Material to process |

+ + + +

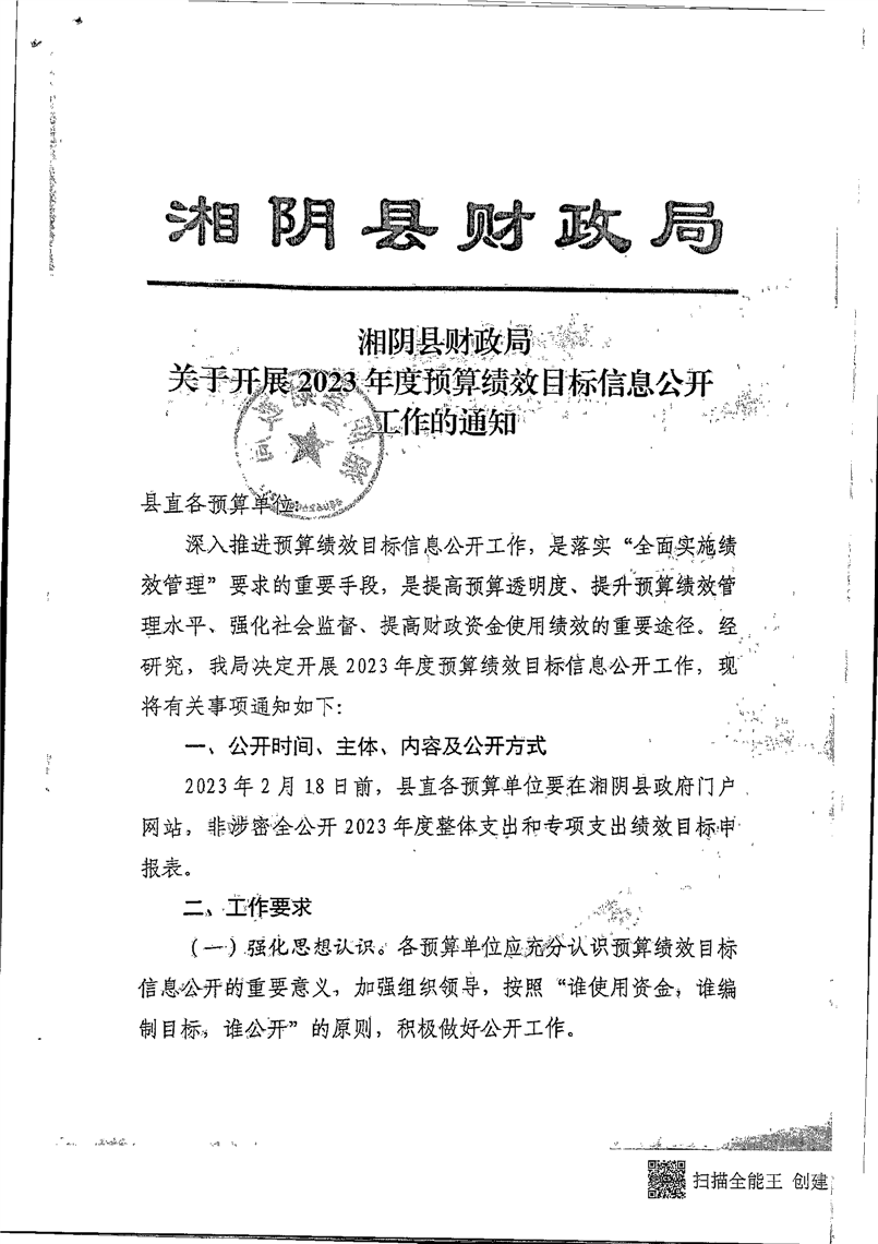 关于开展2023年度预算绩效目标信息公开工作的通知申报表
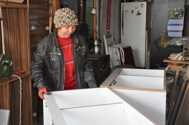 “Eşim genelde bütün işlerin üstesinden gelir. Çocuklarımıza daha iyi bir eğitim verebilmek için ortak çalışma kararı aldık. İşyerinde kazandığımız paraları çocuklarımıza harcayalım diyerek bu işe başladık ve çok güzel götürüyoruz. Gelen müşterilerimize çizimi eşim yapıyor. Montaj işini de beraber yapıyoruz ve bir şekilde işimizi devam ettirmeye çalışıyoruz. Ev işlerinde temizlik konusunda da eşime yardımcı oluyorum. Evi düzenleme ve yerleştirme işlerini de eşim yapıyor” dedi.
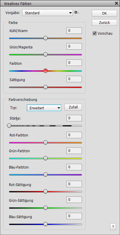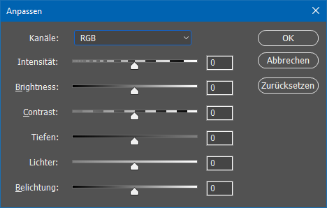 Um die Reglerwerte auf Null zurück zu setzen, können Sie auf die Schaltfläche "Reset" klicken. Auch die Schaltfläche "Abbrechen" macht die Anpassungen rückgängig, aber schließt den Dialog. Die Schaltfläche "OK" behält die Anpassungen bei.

+ + + +

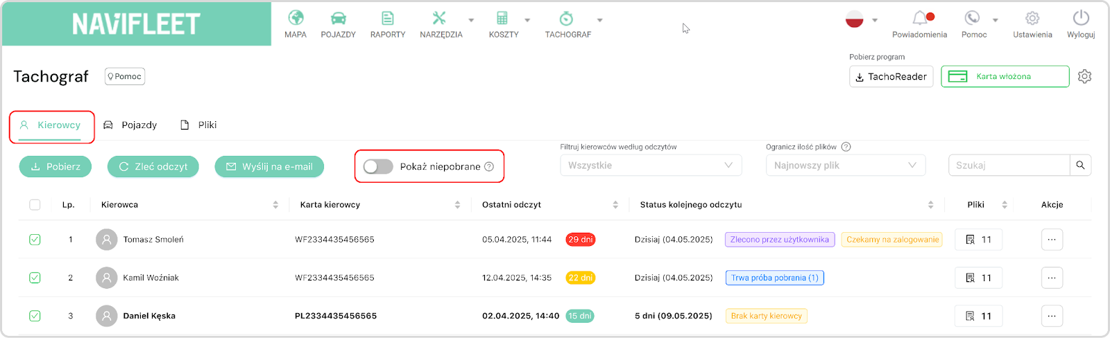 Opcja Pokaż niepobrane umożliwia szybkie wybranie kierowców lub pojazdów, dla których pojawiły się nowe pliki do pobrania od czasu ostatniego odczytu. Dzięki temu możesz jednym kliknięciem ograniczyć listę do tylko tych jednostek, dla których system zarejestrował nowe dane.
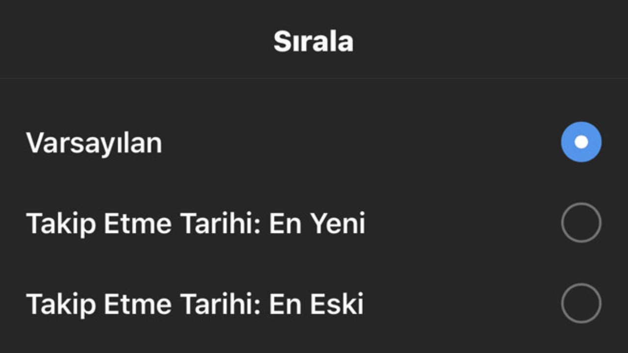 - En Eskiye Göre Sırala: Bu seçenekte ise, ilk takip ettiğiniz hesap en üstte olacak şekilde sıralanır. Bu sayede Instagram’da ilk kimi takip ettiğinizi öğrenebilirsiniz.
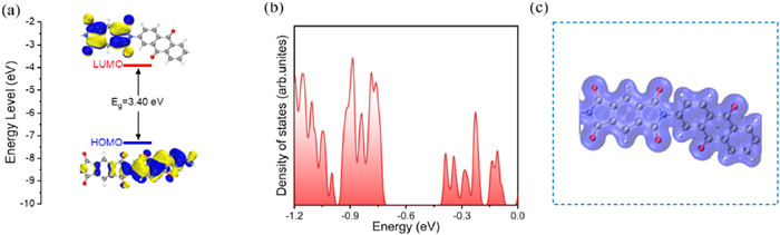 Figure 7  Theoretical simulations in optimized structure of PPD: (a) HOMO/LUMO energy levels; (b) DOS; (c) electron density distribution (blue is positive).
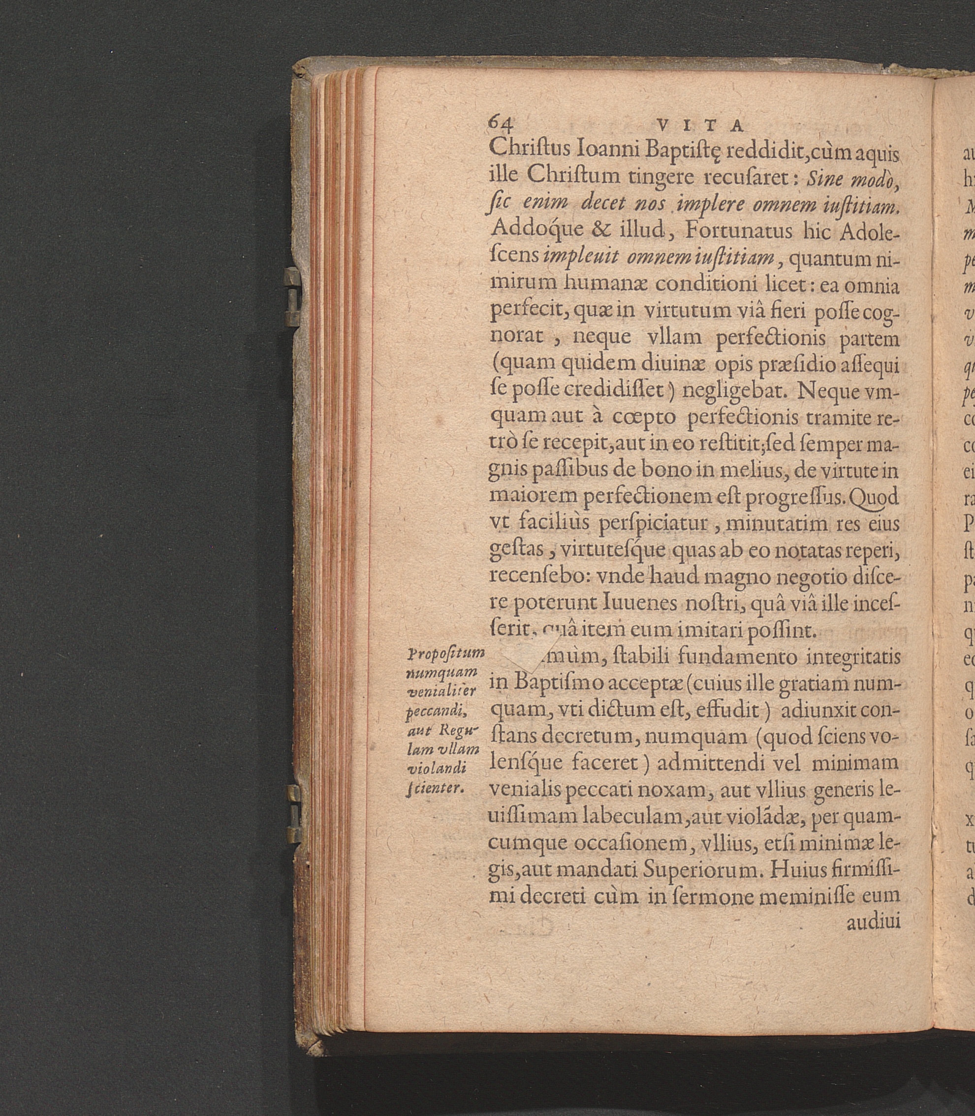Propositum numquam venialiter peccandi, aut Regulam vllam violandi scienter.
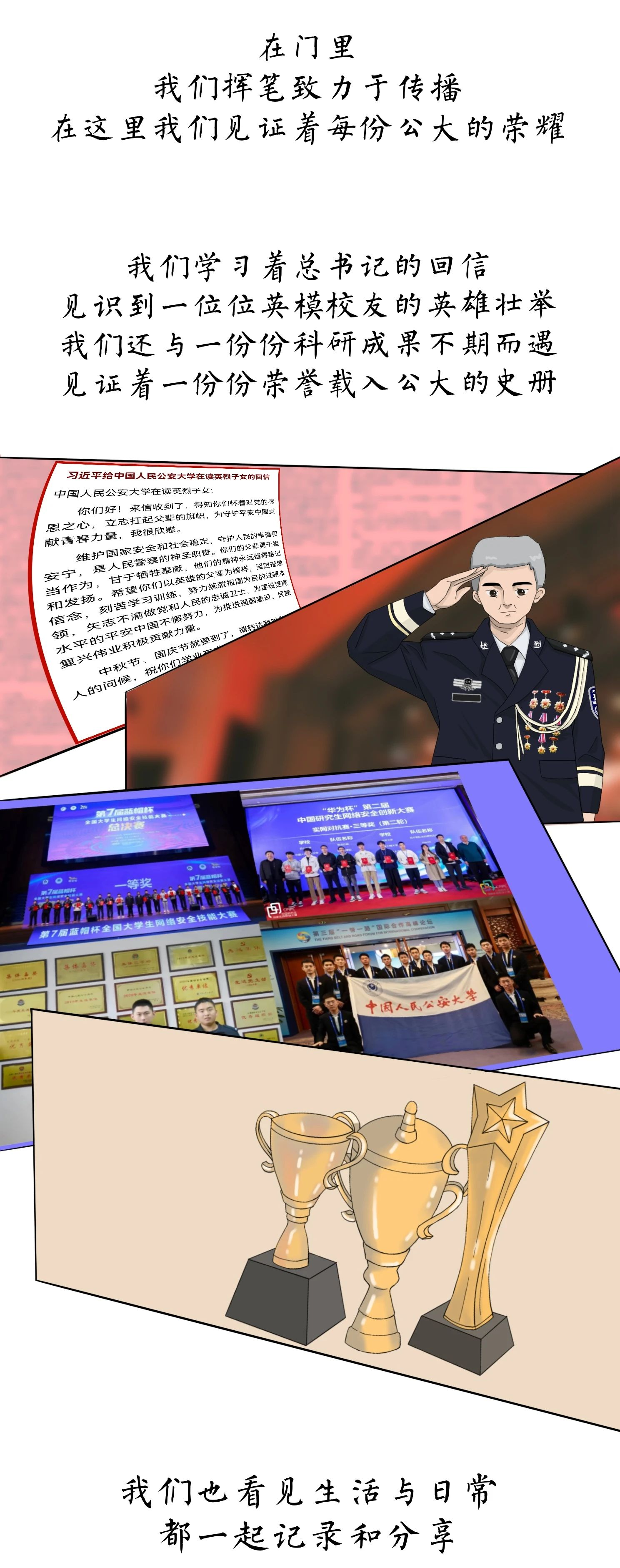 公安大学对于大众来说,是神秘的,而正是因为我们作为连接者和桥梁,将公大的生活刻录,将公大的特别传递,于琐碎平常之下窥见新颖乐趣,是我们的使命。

+ + + +

Instructions for the task |
Restate word for word the lines of the data above that begin at the line with "Propositum numquam venialiter" and end at the line with "公安大学对于大众来说,是神秘", keeping both ends and dropping every picture.

Solution to this exercise |
Propositum numquam venialiter peccandi, aut Regulam vllam violandi scienter.
 公安大学对于大众来说,是神秘的,而正是因为我们作为连接者和桥梁,将公大的生活刻录,将公大的特别传递,于琐碎平常之下窥见新颖乐趣,是我们的使命。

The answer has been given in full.